Study Design: PROSPER RCC (EA8143) is a global, un-blinded, phase 3 study which will examine if perioperative nivolumab in combination with radical or partial nephrectomy can improve clinical outcomes in patients with high risk localized and locally advanced RCC. 766 patients with clinical stage ≥T2 or node positive M0 RCC of any histology will be enrolled. T1 tumors are allowed if signs of clinical node positivity. Tumor biopsy prior to randomization is mandatory to ensure RCC but also permits unparalleled correlative science. Randomization is 1:1. Patients are stratified by clinical T stage, node positivity, and histology. Patients on the investigational arm receive two doses of nivolumab prior to surgery followed by adjuvant nivolumab for 9 months. The adjuvant dosing will be every 2 weeks for 3 months then transition to every 4 weeks x 6 months for enhanced quality of life. The control arm will receive standard of care surgical resection followed by observation. The primary endpoint is recurrence-free survival. The study is also powered to evaluate a significant increase in overall survival with the addition of perioperative PD-1 blockade. Safety, feasibility, and quality of life endpoints critical to adjuvant therapy considerations will be evaluated. PROSPER RCC exemplifies team science with a wealth of embedded correlative work aimed at investigating the impact of the baseline immune milieu, the changes induced by neoadjuvant anti-PD-1 priming, and how both correlate with clinical outcomes.

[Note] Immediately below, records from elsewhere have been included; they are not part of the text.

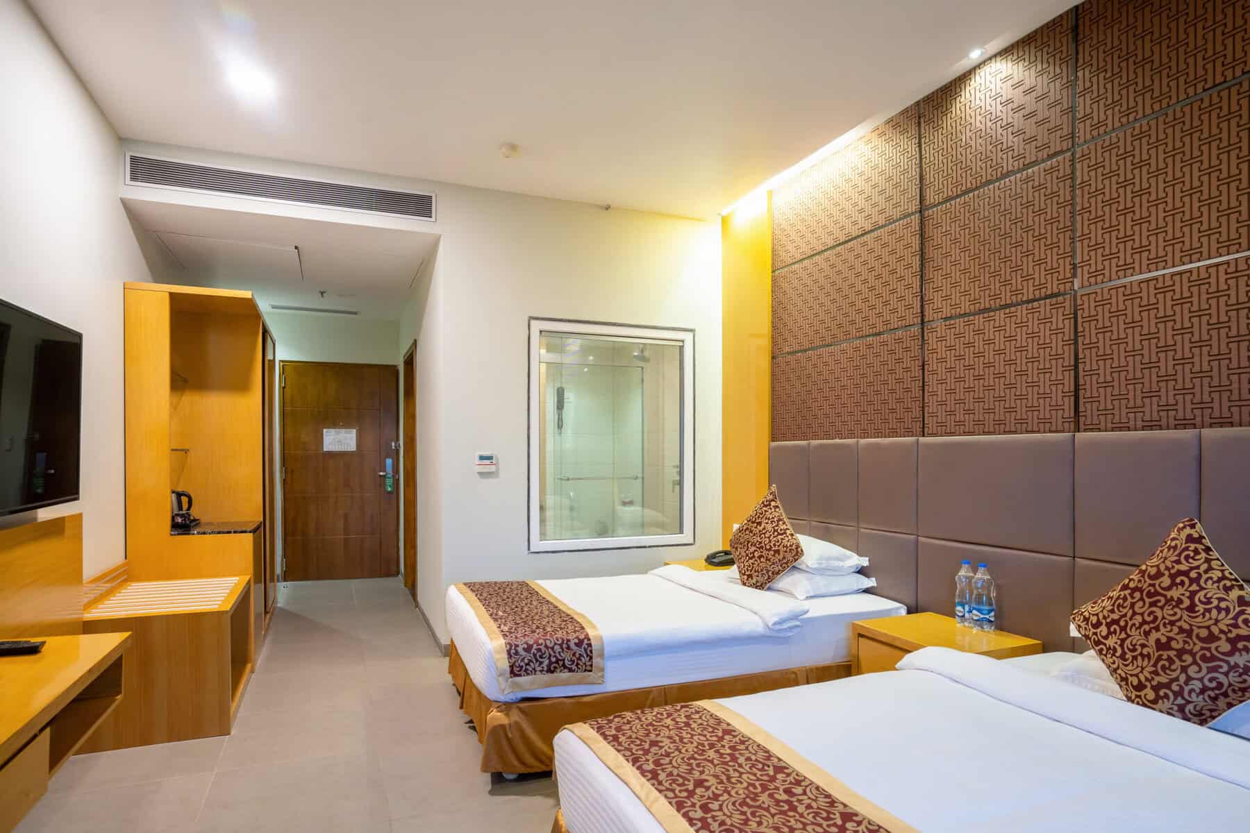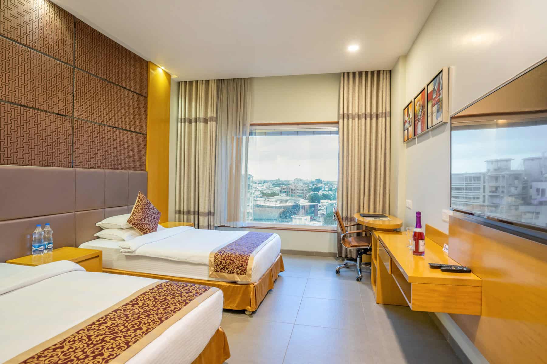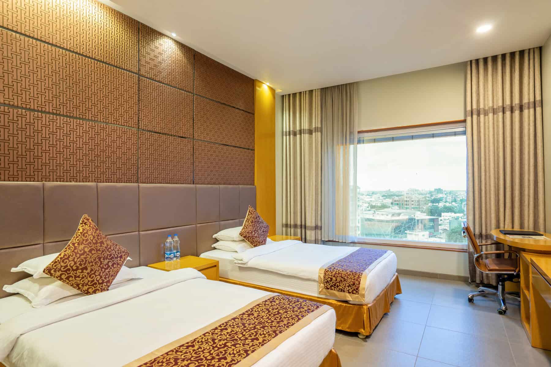 Our Twin Deluxe Rooms are designed with a contemporary and elegant flair, providing a sophisticated atmosphere that complements your business needs. The modern aesthetics and thoughtful layout create an ambiance that’s both calming and inspiring. These rooms are furnished with two separate beds, ensuring you and your colleague can enjoy a restful night without any worries. Each bed is carefully crafted for maximum comfort, guaranteeing you a rejuvenating sleep experience.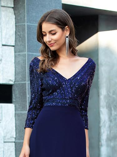 HOT ! Ever-Pretty Women's Elegant Formal Dress V-Neck Long Sleeve Sequin Maxi Chiffon Evening Dresses 00751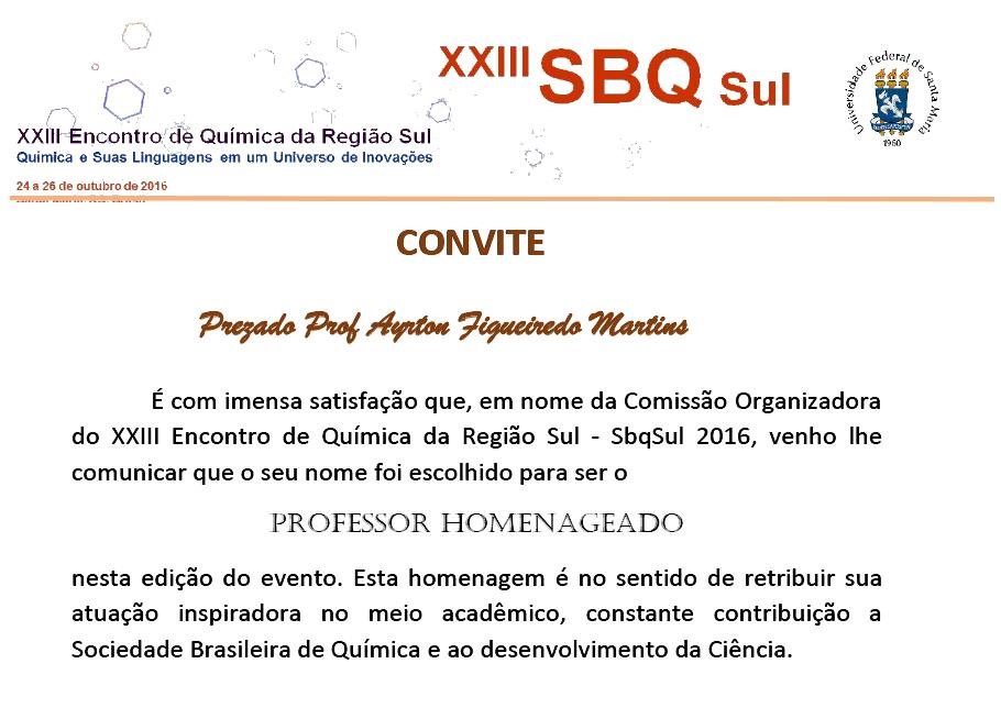 Entre os dias 24 e 26 de Outubro de 2016, ocorreu o XXIII Encontro de Química de Região sul na Universidade Federal de Santa Maria.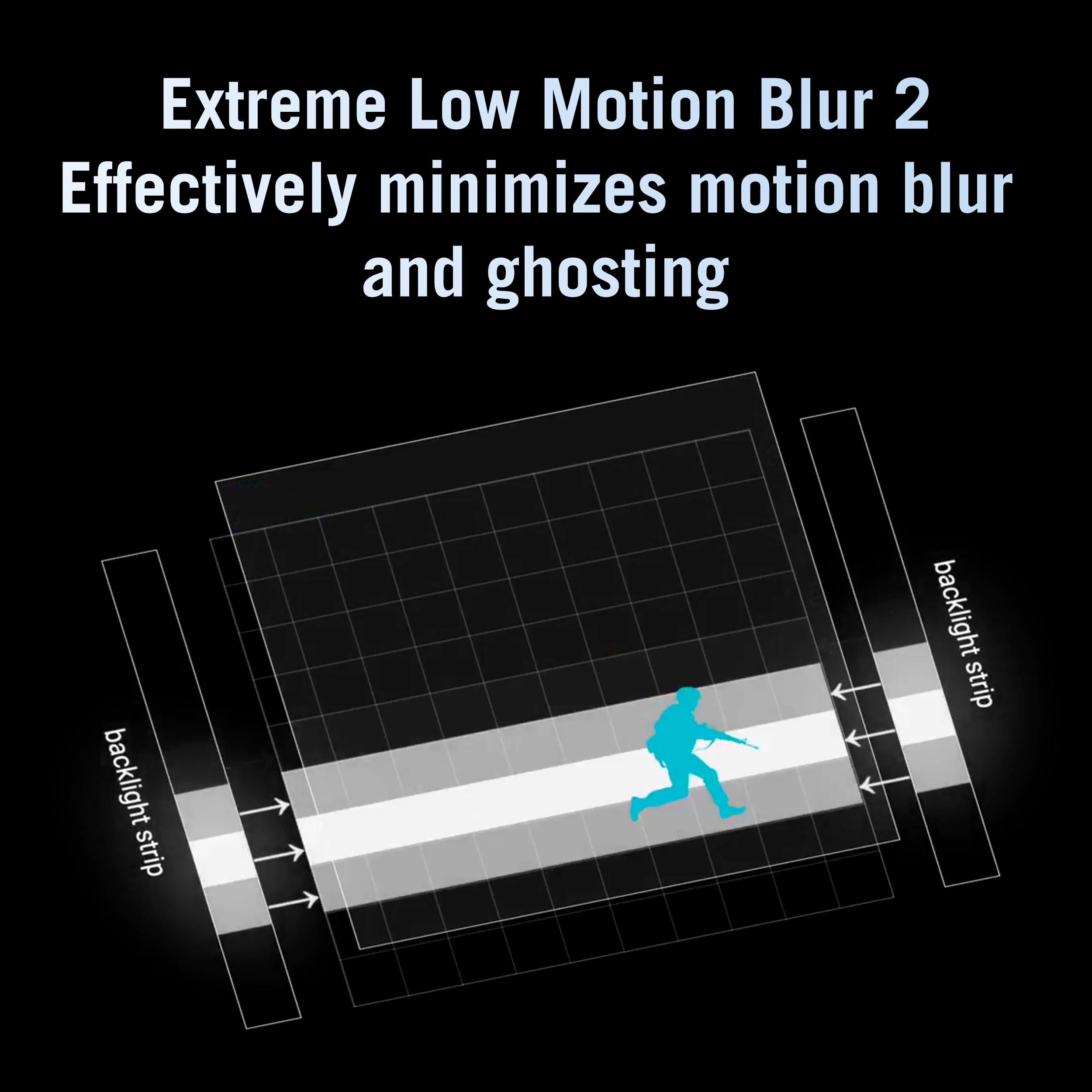 - La tecnologia ASUS Extreme Low Motion Blur 2 consente, grazie alle sue cinque diverse impostazioni di livello disponibili, di ridurre la sfocatura da movimento e l'effetto ghosting, ottenendo così una grafica di gioco nitida anche con frame rate elevati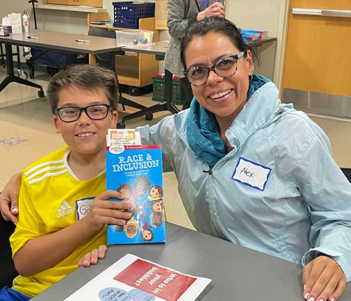 2 Atwater fifth-grader Gabriel Barrios Moreno and his mom, Alex Moreno, hold up a new American Girl series book on race and inclusion authored by Milwaukee’s Deanna Singh. Singh was sponsored by the Shorewood Foun dation to lead a youth workshop Oct. 11 at the Shorewood Public Library, featuring activities from the book.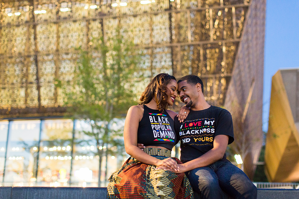 Combining personal and cultural history is a great way to approach an engagement session. In these engagement photos by Iris Mannings, Alyzza Dill and David Hudson, Jr. pull it off beautifully, posing at the Kennedy Center and the Smithsonian’s National Museum of African American History and Culture—two important DC locations that have also been the site of important moments in their relationship.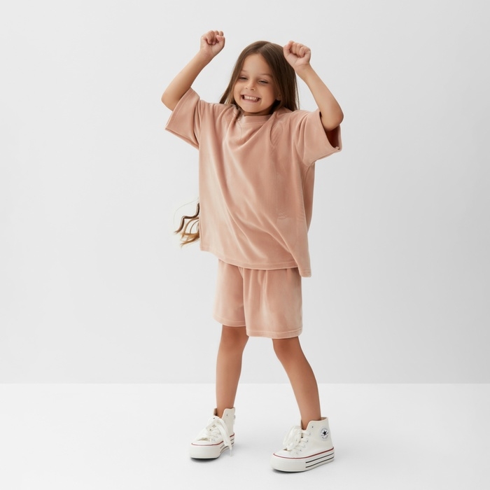Костюм детский (футболка, шорты) KAFTAN Plushy р.34 (122-128), бежевый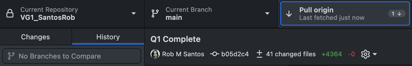 *Simulated scenario: In this next screenshot, I made changes to the Remote Repository from a different computer. From the perspective of our first computer, our Local Repository has 1 Commit to Pull from the Remote Repository. These are new project changes that were made from another device that we want to sync to our first computer. You may have to Fetch in order to see the Pull option.

Comments: The success of PROSPER RCC requires a thoughtful disruption of the current practice of upfront surgery followed by consideration of adjuvant systemic therapy. Given the mechanism of action of nivolumab, it makes sense to engage the patient’s immune system by priming with nivolumab prior to surgery when there is significant target (i.e., tumor antigen) in place. This change in practice has strong potential to increase cures, delay time to recurrence and improve overall survival in patients with high risk non-metastatic RCC.